The captain ignored them. His ears glowed a cold red in the brisk air.
Richard Burton leaned back and sighed. “The stain I’m from is called Pontrhydyfen. Sits in a little glen between two green mountains and is cut by a little river clear as vodka. Little Welsh mining town. And what do you think our river was called?”
Pasquale had no idea what he was talking about.
“Think about it. It’ll make perfect sense.”
Pasquale shrugged.
“Avon.” He waited for Pasquale to react. “Fancy bit of irony, no?”

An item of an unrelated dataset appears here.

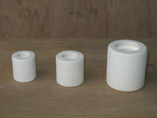 一般の磁器製バーナーヘッドは下部内側に雌ねじが切ってあり、レギュレーター部分をねじ込んで使用できるようになっています。しかし、この方法では、磁器と金属が接しているので、焼成時、膨張率の違いにより磁器製ヘッドが破損することがあります。これをさけるため、特別に「火皿」というパーツを作り組み込んでいます。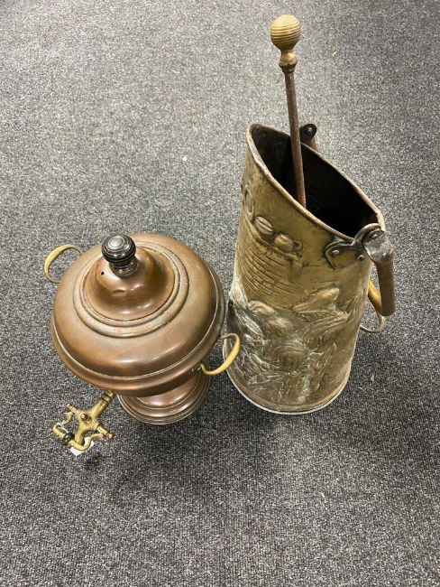 An antique copper and brass tea urn together with a brass embossed coal receiver with fire poker.

Pasquale said that it was.
“Right . . . okay then, did someone mention vodka? Right, I did.” Richard Burton sighed wearily. Then he called up to the boat’s pilot, “Are we truly to have nothing to drink on board? Really? Captain!” The man ignored him. “He’s risking outright mutiny, don’t you think, Pat?” Then Burton leaned back again, resettled his collar against the cool air, and resumed telling Pasquale about the village where he grew up. “There were thirteen of us little Jenkinses, tit-suckers every last one, till the git after me. I was two when my poor ma finally gave out, sucked dry. We drained the poor woman like deflating a balloon. I got the last of it. My sister Cecilia raised me after that. The old blighter Jenkins was no help. Fifty already when I was born, drunk the minute the sun came up, I barely knew him—his name the only thing he ever gave me. Burton I got from an acting teacher, though I tell people it’s for Michael Burton. Anatomy of Melancholy? No? Right. Sorry.” He ran a hand over his own chest. “No, this is all a thing I invented, this . . . Burton. Dickie Jenkins is a petty little tit-pincher, but this Richard Burton chap . . . he bloody well soars.”
Pasquale nodded, the chop from the sea and Burton’s endless drunk talk conspiring to make him extremely sleepy.
“Jenkins boys all worked in the coalface, except me, and I only escaped by luck and Hitler. The RAF was my way out, and though I turned out too bloody blind to fly, it still got me into Oxford. Tell me, do you know what you say to a kid from my village when you see him at Oxford?”
Pasquale shrugged, worn down by the man’s constant chatter.